The operation button unit 14 is formed in a rod shape, one end side is attached to the controller 17, and the other end side extends to the vicinity of the button hole 19UX formed in the upper container 19U.
The operation button unit 14 includes a shaft member 14A, a button 14B provided so as to be able to advance and retreat in a hole 14K formed in the shaft member 14A, and an urging force that urges the button 14B to the outside (OFF side). It has a member 14C (for example, a spring) and a stopper mechanism 14D that prevents the button 14B from jumping out of the hole 14K by the biasing member 14C. The button 14B can be pressed by the stopper mechanism 14D and the urging member 14C. Further, since the button 14B can be operated from the button hole 19UX, it can be operated from outside the upper container 19U. The button hole 19UX may be provided with a lid 14E made of a flexible material (for example, rubber).

  The upper container 19U is preferably formed of a material capable of transmitting radio waves for radio communication (frequency is 3 THz or less). Further, it is preferable that the upper container 19U and the lower container 19L (particularly, the portion of the main body cylinder 19LB) allow light traveling from the inside to the outside while blocking light traveling from the outside to the inside. Here, “light” in this specification refers to infrared rays, visible rays, and ultraviolet rays having a wavelength of 1 mm to 2 nm. The components of the upper container 19U and the lower container 19L include a tube (glass tube or plastic tube) that can transmit radio waves and light, and a shielding film attached to the outer peripheral surface or inner peripheral surface of the tube. It is preferable that it is comprised. Here, the shielding film is capable of transmitting radio waves and transmitting light from one side and blocking (for example, reflecting) light from the other side. As the shielding film, for example, a plastic film (trade name Ecomold manufactured by Oike Kogyo Co., Ltd.) having a predetermined metal vapor deposition film can be used. The shielding film enables wireless communication by the communication unit 17C, improves the visibility of the state of the sensor device 11 and the communication unit 17C, and prevents the occurrence of moss (details will be described later). Instead of the shielding film, a paint made of a predetermined shielding material may be applied to the pipe.

  The water pressure sensor 13A and the water level sensor 13B are respectively accommodated in the lower container 19L. The water pressure sensor 13 </ b> A detects the water pressure in the lower container 19 </ b> L and is attached to the controller 17. The water level sensor 13B detects the water level in the lower container 19L and is attached to the controller 17.

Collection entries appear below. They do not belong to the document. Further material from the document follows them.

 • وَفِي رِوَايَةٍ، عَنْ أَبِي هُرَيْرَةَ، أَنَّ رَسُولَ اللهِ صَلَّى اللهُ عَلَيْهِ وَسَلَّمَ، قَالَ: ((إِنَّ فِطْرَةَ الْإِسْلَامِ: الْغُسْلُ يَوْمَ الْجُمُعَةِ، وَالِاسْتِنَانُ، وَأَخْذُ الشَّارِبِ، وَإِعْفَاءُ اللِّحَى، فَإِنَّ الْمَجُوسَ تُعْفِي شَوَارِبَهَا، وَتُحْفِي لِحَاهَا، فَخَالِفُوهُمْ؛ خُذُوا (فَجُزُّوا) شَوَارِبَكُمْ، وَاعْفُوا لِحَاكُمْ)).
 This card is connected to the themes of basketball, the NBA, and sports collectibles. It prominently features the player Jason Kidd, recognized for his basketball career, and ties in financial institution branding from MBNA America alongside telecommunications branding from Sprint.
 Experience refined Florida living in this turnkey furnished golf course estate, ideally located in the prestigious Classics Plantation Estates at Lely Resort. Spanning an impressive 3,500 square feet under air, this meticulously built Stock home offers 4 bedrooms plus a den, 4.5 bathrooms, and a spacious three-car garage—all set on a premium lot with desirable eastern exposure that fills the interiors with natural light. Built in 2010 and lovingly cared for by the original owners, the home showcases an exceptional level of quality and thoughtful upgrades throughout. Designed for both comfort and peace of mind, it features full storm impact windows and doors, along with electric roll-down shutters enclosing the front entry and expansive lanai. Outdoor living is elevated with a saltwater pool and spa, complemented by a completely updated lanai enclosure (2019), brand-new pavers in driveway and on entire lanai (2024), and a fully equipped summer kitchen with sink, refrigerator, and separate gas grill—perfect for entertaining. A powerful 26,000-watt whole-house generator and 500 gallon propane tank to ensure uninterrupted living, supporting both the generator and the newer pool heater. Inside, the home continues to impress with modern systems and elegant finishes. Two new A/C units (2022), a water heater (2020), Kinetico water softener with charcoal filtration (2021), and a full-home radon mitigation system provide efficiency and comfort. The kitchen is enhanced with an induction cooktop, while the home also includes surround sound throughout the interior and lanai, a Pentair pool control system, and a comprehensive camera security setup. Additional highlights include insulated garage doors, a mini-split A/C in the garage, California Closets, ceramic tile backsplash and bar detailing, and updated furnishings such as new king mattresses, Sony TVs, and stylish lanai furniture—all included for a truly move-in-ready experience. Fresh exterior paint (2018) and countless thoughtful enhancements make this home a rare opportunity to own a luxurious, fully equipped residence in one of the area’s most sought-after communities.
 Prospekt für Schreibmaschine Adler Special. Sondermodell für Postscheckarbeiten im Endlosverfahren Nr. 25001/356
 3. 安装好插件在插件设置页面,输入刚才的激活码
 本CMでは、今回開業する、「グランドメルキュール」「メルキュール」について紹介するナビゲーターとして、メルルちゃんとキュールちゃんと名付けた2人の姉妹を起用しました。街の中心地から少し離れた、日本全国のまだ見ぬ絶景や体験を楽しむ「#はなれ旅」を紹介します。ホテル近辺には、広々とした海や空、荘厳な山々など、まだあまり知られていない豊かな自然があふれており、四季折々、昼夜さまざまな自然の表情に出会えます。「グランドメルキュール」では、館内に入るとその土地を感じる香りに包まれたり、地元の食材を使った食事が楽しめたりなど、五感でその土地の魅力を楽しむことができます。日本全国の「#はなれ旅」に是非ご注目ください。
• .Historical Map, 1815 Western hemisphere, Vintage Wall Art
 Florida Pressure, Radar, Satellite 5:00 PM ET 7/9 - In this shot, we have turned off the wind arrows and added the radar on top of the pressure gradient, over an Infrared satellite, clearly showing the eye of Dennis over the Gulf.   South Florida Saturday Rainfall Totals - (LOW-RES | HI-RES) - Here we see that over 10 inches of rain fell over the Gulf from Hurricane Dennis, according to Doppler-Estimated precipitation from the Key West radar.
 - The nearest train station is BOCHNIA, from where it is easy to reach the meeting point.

  As shown in FIG. 3, the controller 17 includes a communication unit 17 </ b> C capable of wireless communication via the antenna 16, and a communication unit 17 </ b> C between a valid state where wireless communication is possible and an invalid state where wireless communication is impossible. It has a switching unit 17SW that switches the state, a storage unit 17R, a timer 17TM that measures time, and a main control unit 17MC that controls each part. The communication unit 17C may be switched between the valid state and the invalid state depending on whether or not power is supplied to the communication unit 17C, or while the power supply to the communication unit 17C is maintained. The determination may be made depending on whether the signal is valid.

  Next, a method for using the sensor device 11 will be described.

  After accommodating a predetermined amount of deaerated water W in the lower container 19L, the upper container 19U and the lower container 19L are integrated via the detachable member 19C. Next, when the porous cup 19LE of the sensor device 11 is inserted into the soil S and the rest is exposed from the soil S (see FIG. 2), the pressure of the deaerated water W in the lower accommodation space 19KL, and the soil S The deaerated water W or the water in the soil S permeates through the porous cup 19LE so that the difference from the matrix potential becomes small. As a result, the pressure in the lower accommodation space 19KL changes.

  When the power switch (not shown) of the sensor device 11 is turned ON, the power source 18 (see FIG. 2) supplies power to the respective units 12A to 17 (see FIG. 3), and the controller 17 controls the respective units 12A to 15 . Further, the main control unit 17MC sets the switching unit 17SW to the invalid state, the timer 17TM to the standby state, and the LED 15 to the extinguished state (see FIG. 4).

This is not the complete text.